Ladies And Hippies                                                    

After a few weeks, things began to unravel. I was familiar with Form Six Economics, and I thought it was all straightforward supply and demand. No, it wasn't. As we delved deeper, some subjects simply turned nasty, with all sorts of curves and kinks. It was absolute mayhem when the lecturers threw in strange Malay terms in the mix. Just imagine, Kelok, Anjal, Kelok Tak Anjal, Kos Melepas, Kos Sut, Terakru, Kerbeda, Lompang, Merembak, Komputa. Yes, these were all  Malay words accepted even  in the court of law. Komputa was so cute.
                                                   
I thought the girls were really smarter and sharper than most of us in bell-bottoms, I mean, the way they articulated and expressed their ideas. So impressive. They were, like, forever in the library. Maybe even now, who knows.  I'd scraped through my form six with only two lowly principals. So the prospect of pitting myself against these clever divas was really intimidating. I thought coming here might've been a big mistake.

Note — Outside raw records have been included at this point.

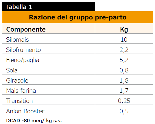 “La collaborazione con la famiglia Basso – spiega Mantovani – è iniziata da circa un anno e subito gli allevatori ci hanno posto obiettivi precisi con la richiesta di migliorare le prestazioni nella fase di transizione. Un traguardo impegnativo, che ci ha visti intervenire inserendo nella razione un prodotto specifico distribuito in esclusiva da Tecnozoo, capace di fare la differenza. Si tratta di Anion Booster, un integratore anionico di ultima generazione, caratterizzato da un elevato contenuto di sostanza secca, che, oltre a garantire una notevole shelflife, assicura l’ottima palatabilità della razione nelle 24 ore, questo perché, al contrario di altri prodotti simili sul mercato, non libera ammonio quando bagnato. Un aspetto essenziale visto che l’ammonio ha un effetto negativo sull’assorbimento del magnesio, macroelemento fondamentale per la gestione del metabolismo del calcio”.
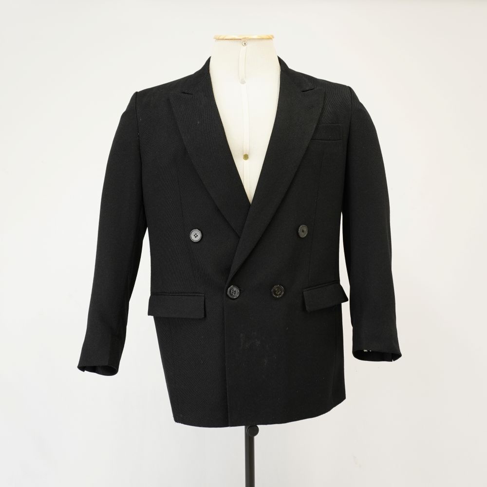 Terno de abotoamento duplo preto, três bolsos externos e quatro bolsos internos, quatro botões nos punhos, sendo dois de cada lado, com ombreira e semi forrado
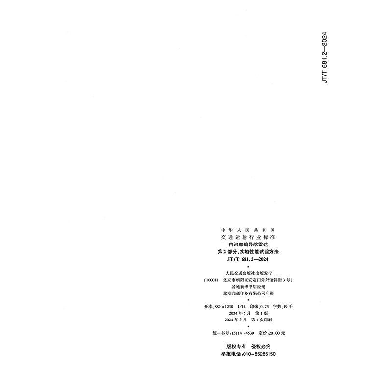 书名:内河船舶导航雷达 第2部分:实船性能试验方法(JT/T 681.2—2024)
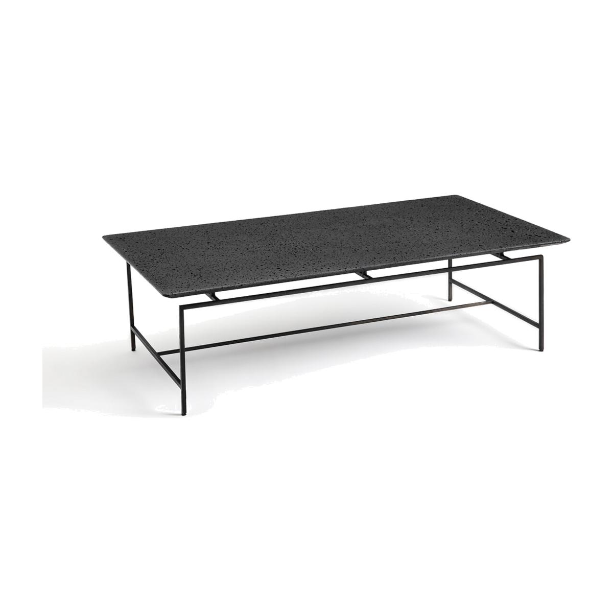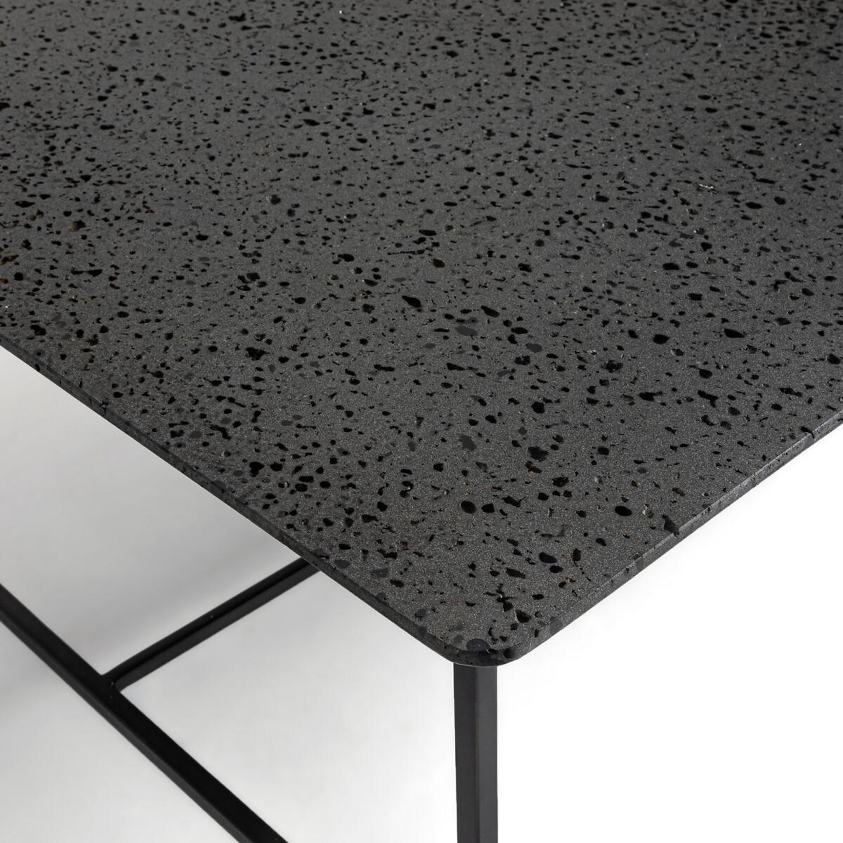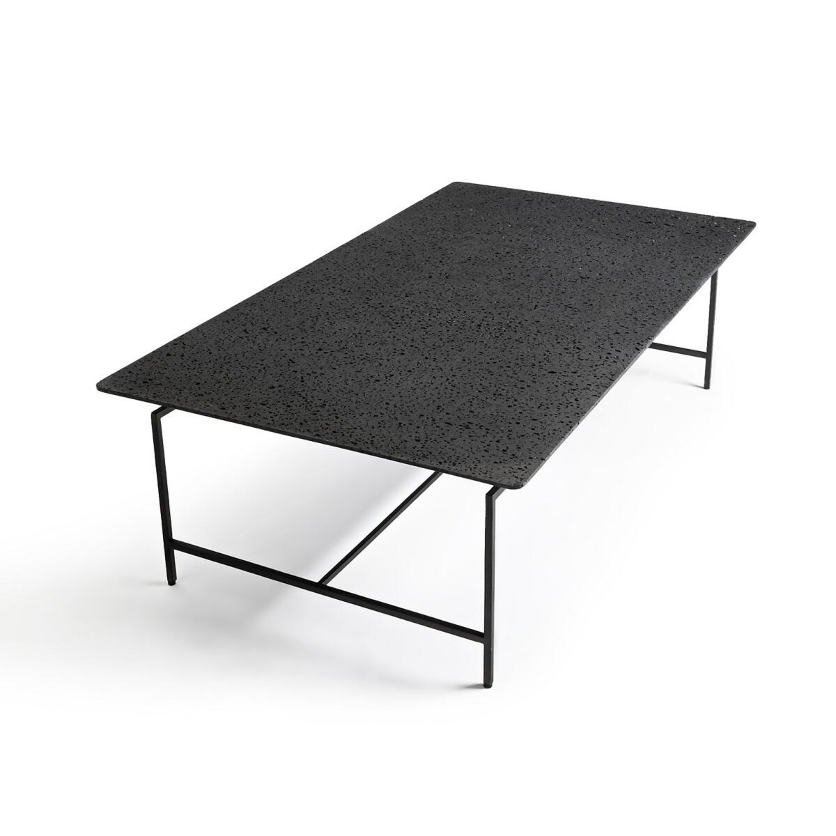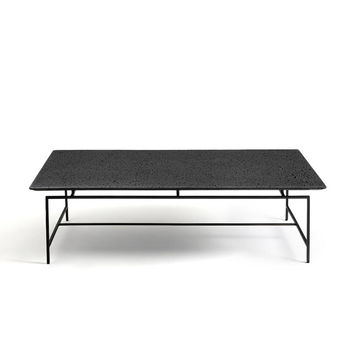 The Oréko coffee table. This unusual console table features a volcanic stone top on a minimalistic metal base. Each piece is unique.
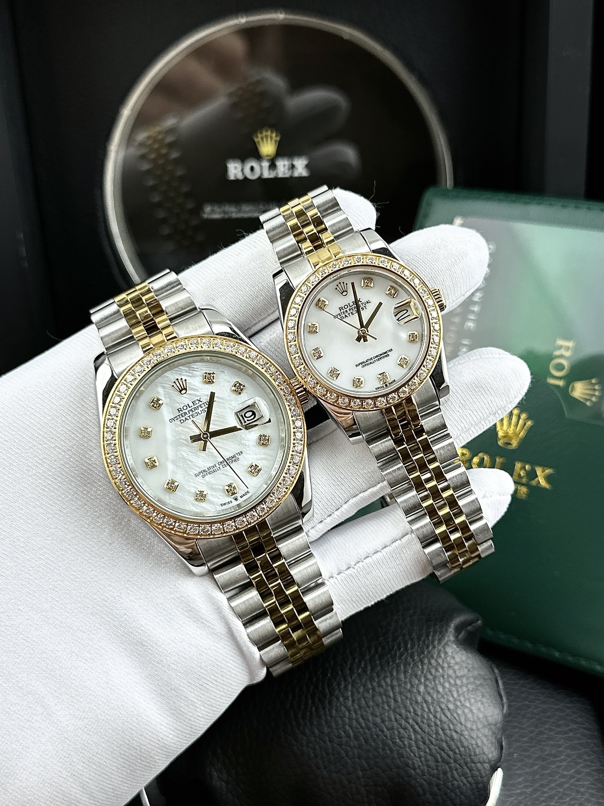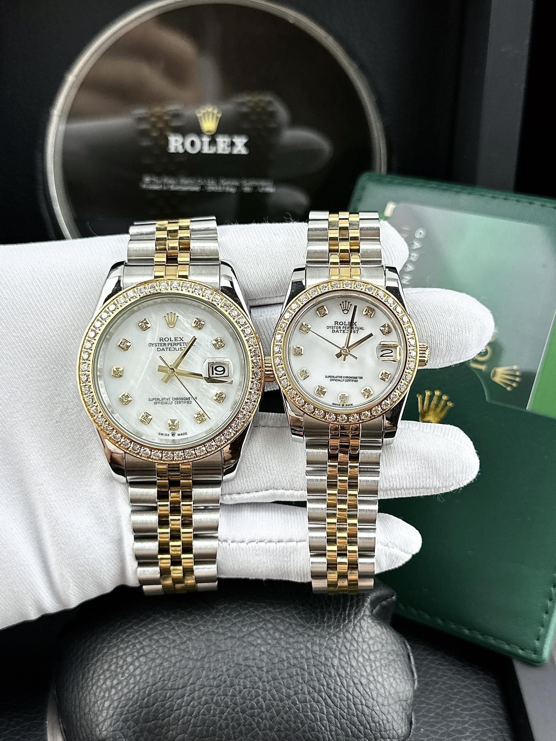 Đồng hồ cặp Rolex Datejust demi gold đính đá super fake 11 máy cơ
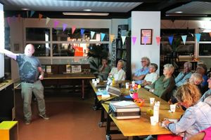 Deze avond hebben we geleerd dat bijen een bijzonder interessant en slim volk is. Johan vertelde met veel passie zijn verhaal en iedereen hing aan zijn lippen, wat ook bleek uit de vele vragen die werden gesteld. Aan het einde van de avond was er gelegenheid om heerlijke honing kopen: bloemenhoning, heidehoningzomerhoning of Propolis tinctuur wat van de bijen “metselspecie” wordt gemaakt en waaraan een bacterie dodende werking wordt toegeschreven.
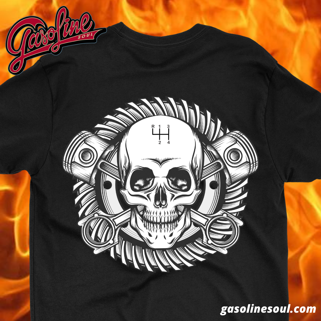 Large GEARHEAD graphic on the back and our Gasoline Soul Script logo on the front.
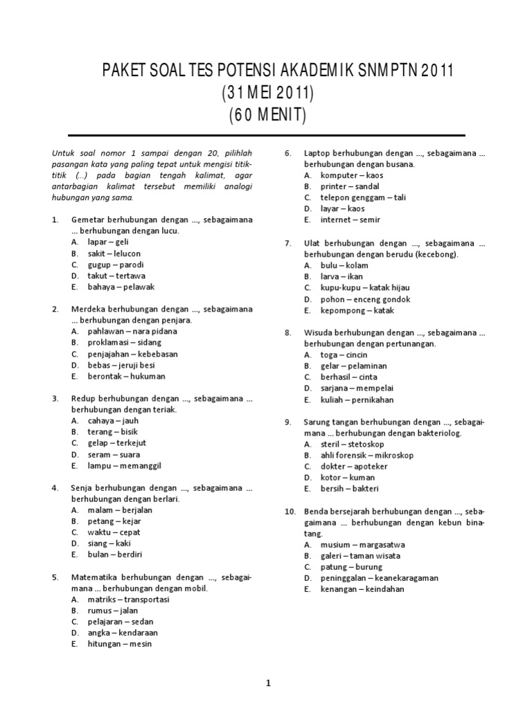 Sbmptn soal tpa (tes potensi akademik) berisi kumpulan soal tpa / tps sbmptn & usm stan dari tahun-tahun lalu yang telah dilengkapi dengan video pembahasan soalnya untuk persiapan utbk sbmptn kamu. soal-soal yang tersedia dalam potensi akademik tes 2 laman ini, bisa kamu download secara gratis. See more videos for tes potensi akademik 2. Tes potensi akademik 2 1. tes potensi akademik paket soal (nomor 1 s. d. 120) analogi 1. Kunjungi website kami : www. bintangnusantara99. blogspot. com www. bienecenter. com.
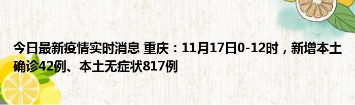 今日最新疫情实时消息 重庆:11月17日0-12时,新增本土确诊42例、本土无症状817例
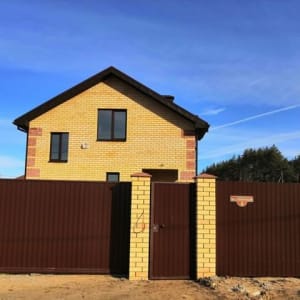 Участок огорожен профильным забором высотой 2,0м. Калитка, откатные ворота (вся электрика под приводы и замок выведена).
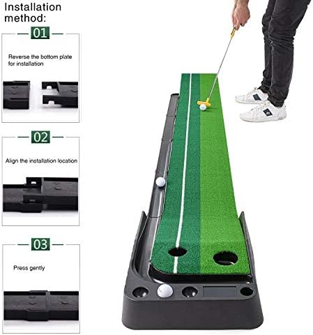 Can be Placed a Putter and 3 Balls: Golf putting green designed that can be placed 3 balls ,which is convenient to put the balls in it and no need put the balls in other place ,and putter hole is designed that you can put your golf putter(not included) on it
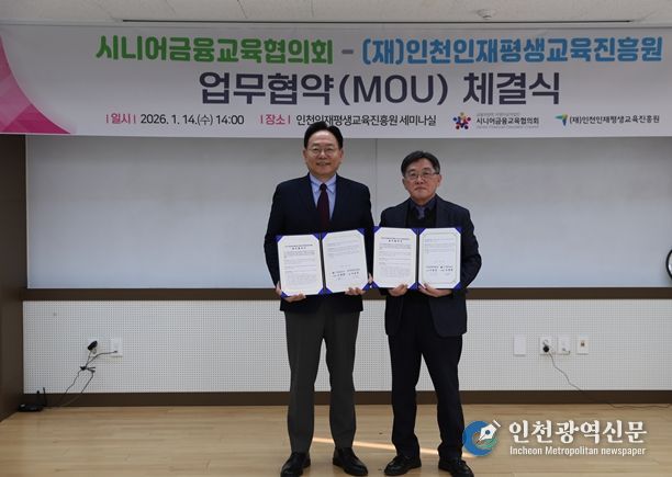 [인천광역신문] 박진 기자 | 인천인재평생교육진흥원과 시니어금융교육협의회은 14일 인천 시민의 평생교육 발전과 중·장년층 및 고령층의 안정적인 금융생활 지원을 위해 업무협약을 실시했다.
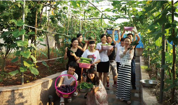 相信不少人讀書時(shí)都曾覺得魯迅筆下的“百草園”非常有趣吧,其實(shí)“雙童”也有自己的“百草園”。這個(gè)季節(jié)的雙童空中生態(tài)園滿是“紫紅的桑葚”和各色的小果子,而長在員工宿舍樓頂?shù)目罩胁藞@則是一片“碧綠的菜畦”,瓜果飄香。
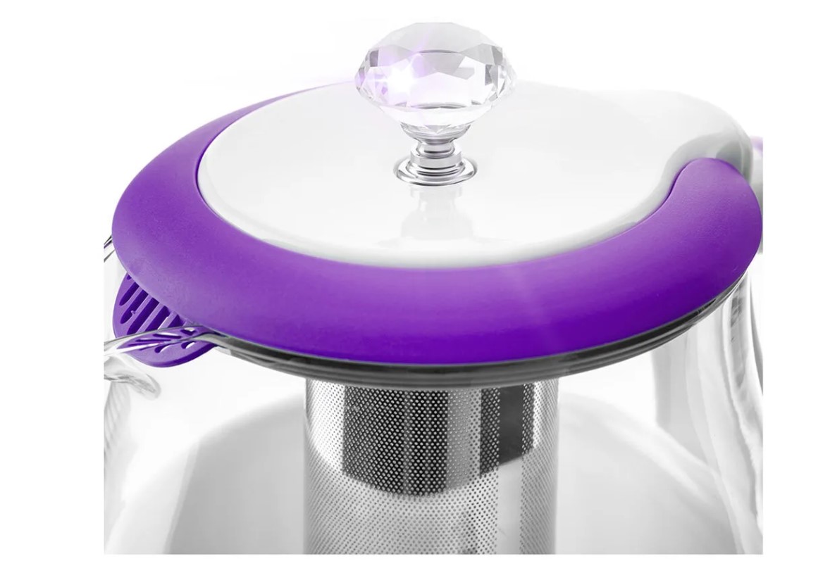 Чайник КТ-6129 моментально притягивает взгляды, и это неудивительно, ведь ручка крышки чайника выполнена в виде бриллианта. Изысканно, не правда ли?
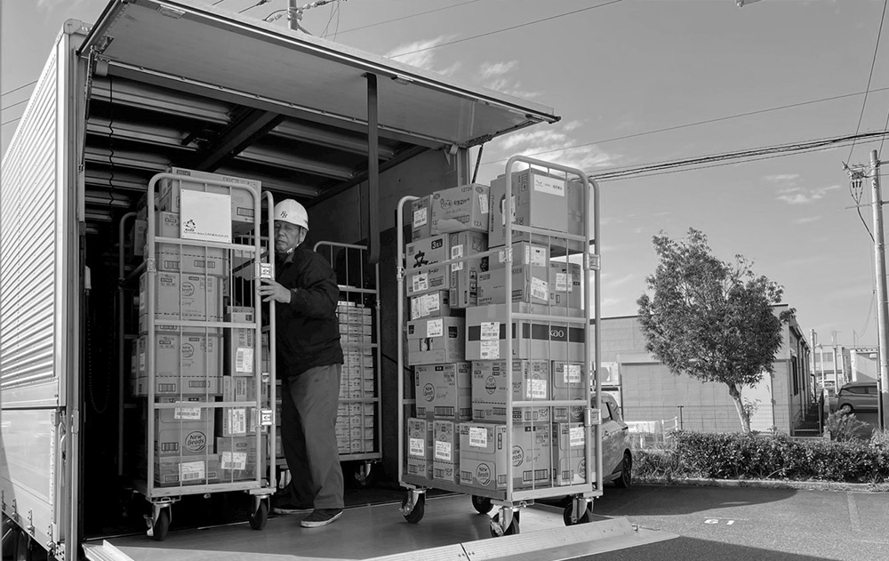 医薬品の配送では、決められた時間・ルートを守り、ドラッグストアなどへ丁寧にお届けしています。
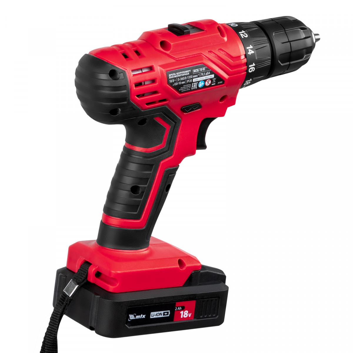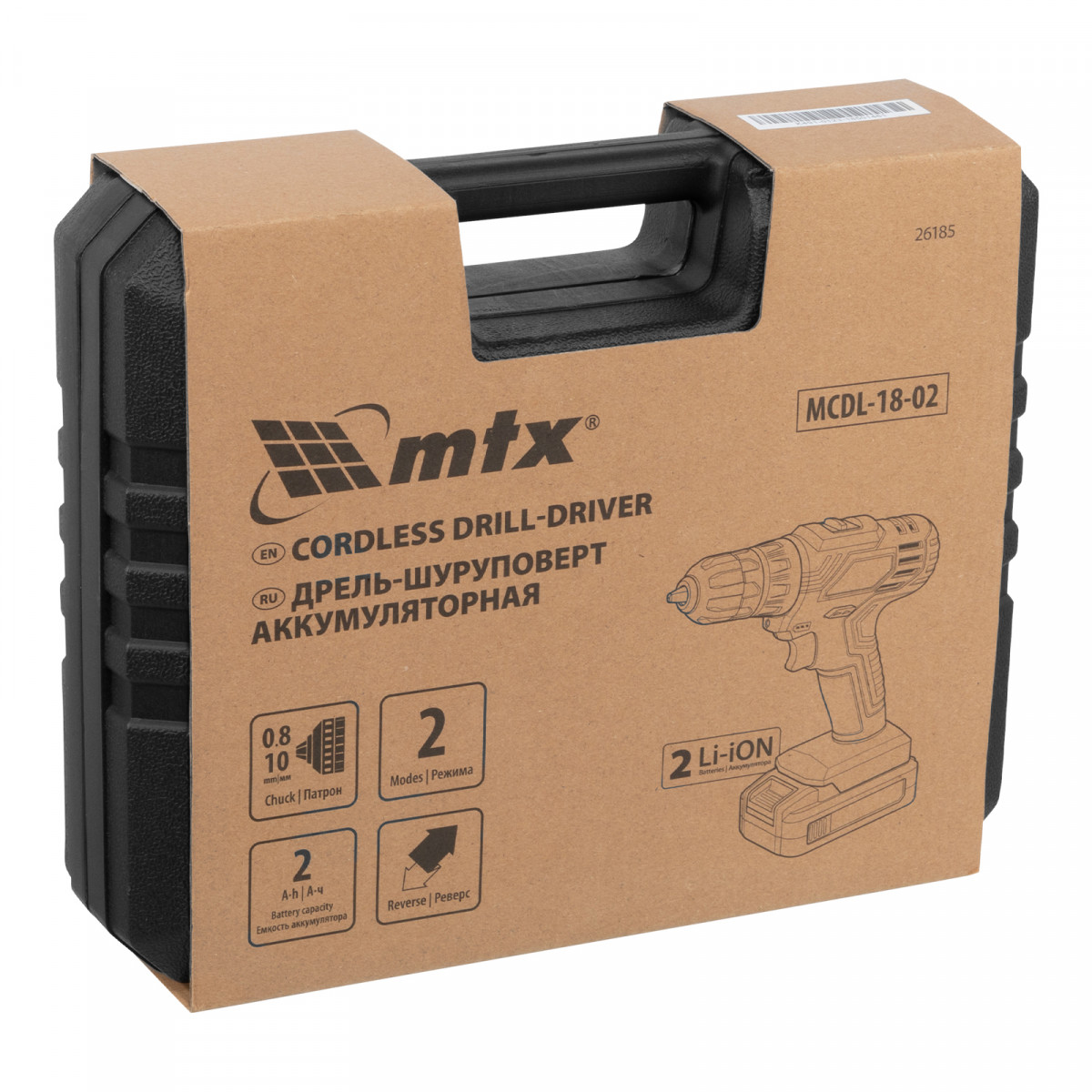 Дрель-шуруповерт аккумуляторная MCDL-18-02, Li-Ion, 18 В, 2 акк. MTX

And the lecturers, well, they were all young and such good-looking people, brimming with boundless energy, mostly graduates of some foreign universities. They had, how should I say it, their unique ways of coping with geniuses like us. I can readily recall a few standouts.

One was a Harvard hippie and closet socialist who let us mark and grade our own exam. And there was this overzealous La Trobe lady who vented all her anger with the world by failing more than half of the class. And the Otago easy-goer who allowed us to "discuss" during exams. The maverick MBAs from Cornell and UCLA business schools tried their best to remind us that they were from Cornell and UCLA, and not from Hawaii. The Komputa class sold out every time because the teacher was model of the year.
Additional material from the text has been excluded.